代ゼミが規模縮小に追い込まれたのは、一つには受験生のニーズの変化に追いつけず、他の大手予備校との競争で劣勢に立たされたからだ。理系の学部を目指す受験生が増えているのにもかかわらず、私立文系コースをいわば売り物にしていた。東進ハイスクールなど他の大手予備校はネット配信授業を取り入れ、受講生が時間に縛られずに勉強できるようにしたのに代ゼミは大教室での授業が中心だった。
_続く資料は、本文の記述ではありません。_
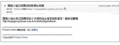 您的心聲開發小組聽到了喔,現在,只要是到文章回應或是留言版留言,只要版主回覆了,我們都會馬上、即時、第一時間的發mail
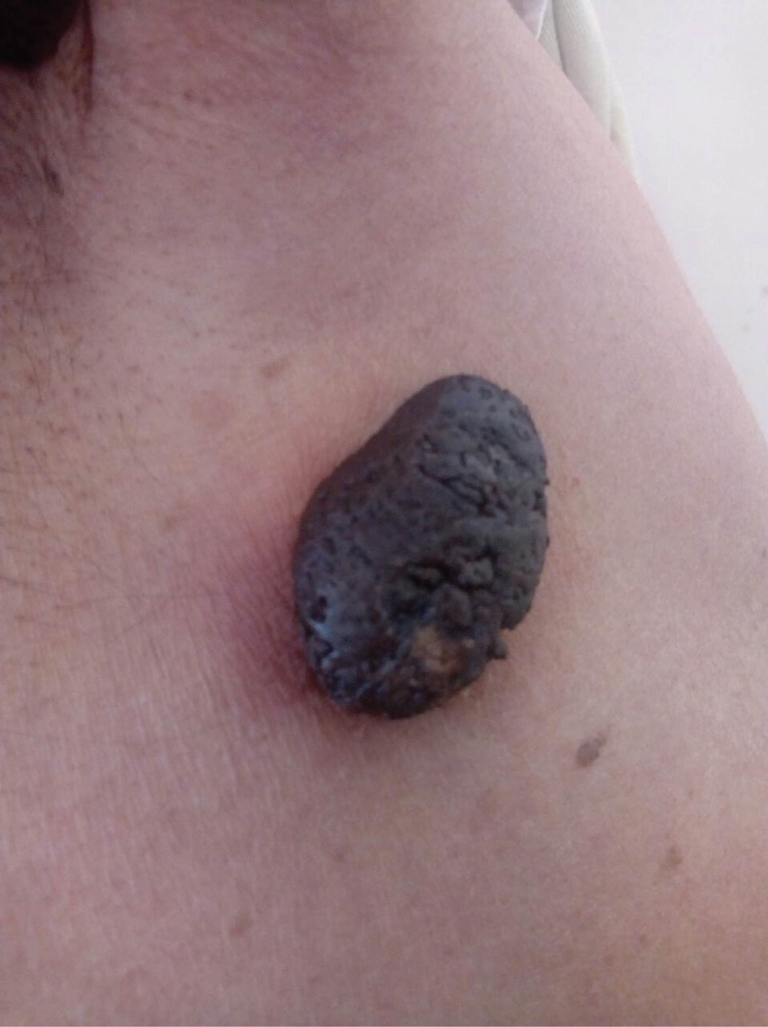 Seborrhoeic keratosesis a benign skin tumor, which mainly occurs in people aged over 50 years. It is common on the trunk and face [2,3]. Despite the frequency of seborrheic keratosis, little is known about the epidemiology of the disorder. It is believed to be more prevalent among Caucasians and to affect roughly equal numbers of men and women. It is also generally acknowledged that its prevalence increases with advancing age. One Australian study reported a 100% prevalence of seborrheic keratoses among people over age 50. On average, 69 seborrheic keratoses were found per patient in those over age 75. Seborrheic keratosis is also known by various synonyms: Verruca senilis, senile wart, verruca seborrhoica, seborrheic wart, basal cell acanthoma, benign acanthokeratoma, and basal cell papilloma. The present paper uses the internationally prevalent term "seborrheic keratosis" to describe this highly common, benign epithelial skin tumor [4,5]. Lesions are sharply demarcated, round or oval-shaped, usually elevated and stuck on the skin with a verrucous, uneven, dull, or punched-out surface (Figure 3). Flat seborrheic keratoses often have a smooth, velvety surface and are barely elevated above the surface of the skin. Whether these flat forms are merely initial seborrheic keratoses, which grow thicker over time, or whether they are a sub-type is still unclear [6]. Some seborrheic keratoses have a surface which appears rather oily and shiny, hence the misnomer "seborrheic" (i.e., greasy) keratosis. Seborrheic keratoses typically appear as if stuck on the skin. Lesions range in size from a few millimeters to several centimeters, with a typical diameter of 0.5-1 cm. Lesions vary in color and may be skincolor/yellowish, gray-brown, or black [7]. Pediculated forms have also been observed in intertriginous areas. Seborrheic keratoses are often penetrated by invaginations of keratotic plugs and horn cysts (filled with concentrically attached keratin). On dermatoscopy these appear as "pseudofollicular openings" and "horn pseudocysts" with light, sharply bordered, round plugs. Inflammation around the margin of the lesion can occasionally occur (Meyerson phenomenon). Seborrheic keratoses can appear anywhere on the body with the exception of the palms or soles. The mucus membranes are also generally spared. The most commonly affected sites are the chest, back, head (near the temples), and neck [8]. The main differential diagnoses are condyloma, pigmented basal cell carcinoma and melanoma. The etiology of Seborrhoeic keratosesis unknown, although there may be some familial predisposition, which was not demonstrated in our patient. They could also occur after inflammatory dermatosis or at a site of repeated rubbing [9]. In fact, Seborrhoeic keratoses which are located on sites of chronic friction, such as shaving areas, or the folds of obese patients, can reach large dimensions, up to ten centimeters in diameter. This is illustrated in our patient who presented Seborrhoeic keratoses initially of small dimensions gradually increasing in size to reach 12 cm [10].

しかしそれ以上に大きいのは浪人生の激減である。少子化と大学数の増加で現役合格者が増えたため、ピークの1992年に29万4,000人いた浪人生は今や約8万人に過ぎない。この極端な市場の縮小が代ゼミの存立基盤を直撃したのだ。
実は市場の縮小は他の予備校の経営も揺るがしている。100年以上の歴史を持つ研数学館は2000年に廃校、関西の大手、大阪予備校も2006年に廃校に追い込まれた。
加えて2018年には18歳人口が一気に減少する「2018年問題」が待ち受けている。予備校のみならず学習塾や大学までもが顧客の減少に直面するのだ。
今後、教育産業はどのような変化を遂げるのだろうか。生き残るにはどうしたらいいのか。教育産業の変容は僕たちにどんな影響をもたらすのだろうか…。
浪人生の減少にさらされた他の大手予備校は学習塾と提携し、現役の高校生や小中学生を囲い込もうとしていた。東進ハイスクールを運営するナガセは2006年に四谷大塚を買収、2008年には河合塾が日能研と業務提携して中学受験向けの学習塾を共同で設立した。小中学生の時は学習塾で、大学受験は予備校でと、系列による一貫した教育サービスを提供しようと考えたのだ。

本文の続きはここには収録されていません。